Obama was right to emphasize empathy in discussing David Souter, because Souter embodied the kind of empathy I am defining here. He is a Harvard- and Oxford-educated New England Republican, but his contributions were often in the understanding of people completely unlike him. Early in his career as a justice, the Court heard a case about a down-on-his-luck African American man named Curtis Kyles, who had been on death row in Louisiana for almost a decade.22 Kyles had been convicted of the murder of a white woman in a supermarket parking lot, for her groceries and her red Ford LTD. The evidence against him looked strong. His appearance matched some eyewitness accounts, and he had been found with a revolver, which turned out to be the murder weapon, hidden in his apartment. A man named Beanie also claimed that Kyles had sold him the victim’s LTD the day after the murder.

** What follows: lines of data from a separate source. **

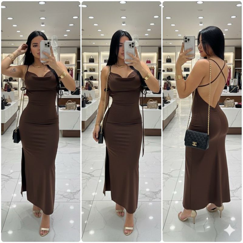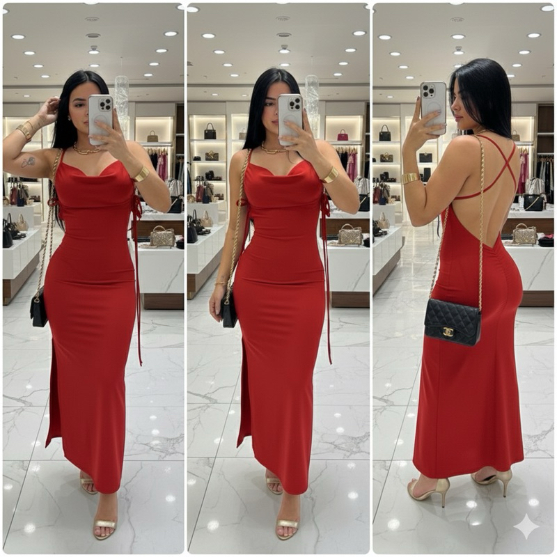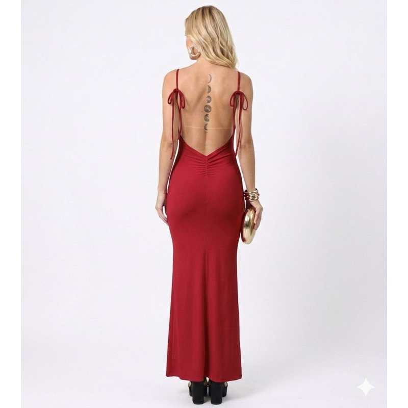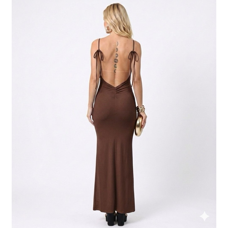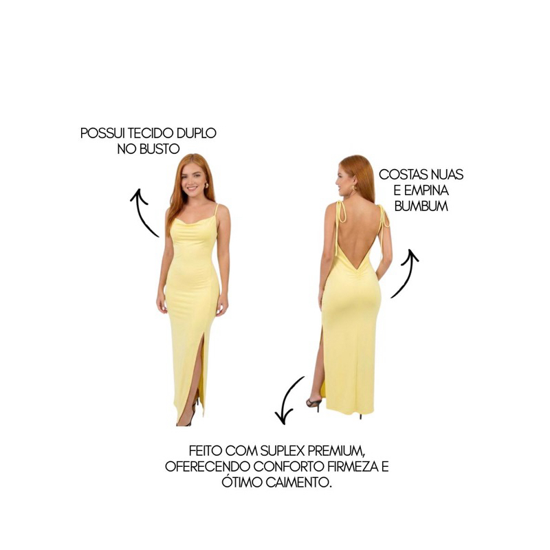 Vestido Longo Costa Nua Fenda Estilo Blogueira Lançamento Chique Amarração Verão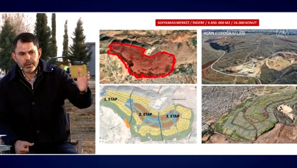 Çevre, Şehircilik ve İklim Değişikliği Bakanı Murat Kurum, Adıyaman’da yeni kurulacak konteyner kent alanında düzenlenen AA Editör Masası'nın konuğu oldu. Bakan Kurum: "Konutlarımız yöresel mimariye uygun, zemin artı 3-4 katı geçmeyecek. Şehrin ihtiyaçlarına göre 105 metrekare brüt, 85 metrekare net, 3 artı 1 daireler yapacağız. Köy konutlarımızı vatandaşlarımızın ihtiyaçları doğrultusunda net 93 metrekare 3 artı 1 olarak yapacağız." dedi.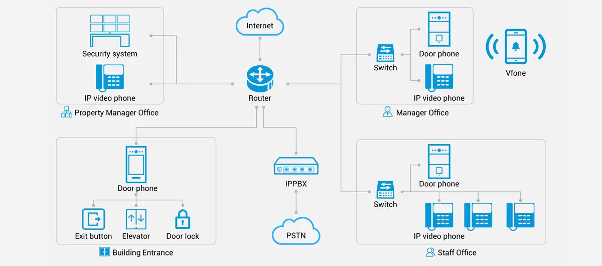 Smart interkom SIP-ə əsaslanır və mövcud telefon sistemi kimi istənilən SIP dəstəkləyən sistemlər arasında əlaqə yaratmağa imkan verir. Bu, işçilər, ziyarətçilər, təhlükəsizlik işçiləri və xidmət təminatçıları üçün limitsiz rabitə təklif edir.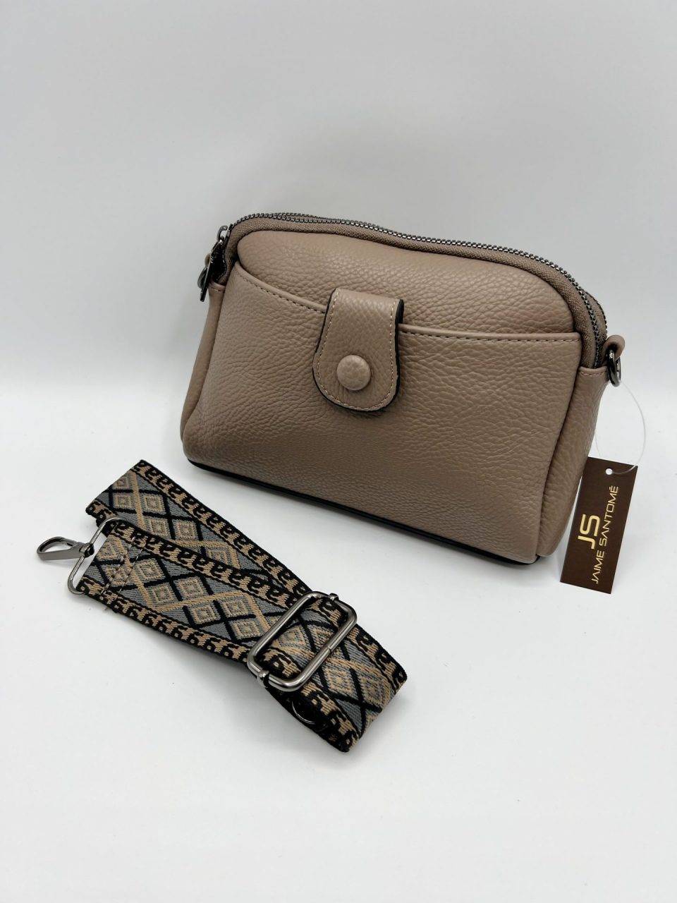 Bandolera pequeña de doble compartimento, con un bolsillo interior abierto en un compartimento y uno de cremallera en el otro. Cierre de ambos compartimentos de cremallera. Un bolsillo exterior de solapilla con clip de imán en delantero y un bolsillo exterior trasero de cremallera. Correa de colores tipo étnico con enganches de mosquetón. Exterior: 100% PU e Interior: 100% poliéster. Fornituras en metal plateado.

Kyles was as different from Souter as any party to a Supreme Court case I know about. Notwithstanding that fact, and despite Souter’s experience as a state prosecutor, Souter pored over the record of the case, which increasingly gave him the sense that something was not right. The evidence against Kyles was not nearly as strong as the police had made out, mostly because the police had failed to give the defense some eyewitness descriptions that didn’t match Kyles. They had also failed to disclose their chummy relationship with Beanie, who should also have been a suspect since he matched some eyewitness descriptions and had a history of criminal activity around the grocery store in question.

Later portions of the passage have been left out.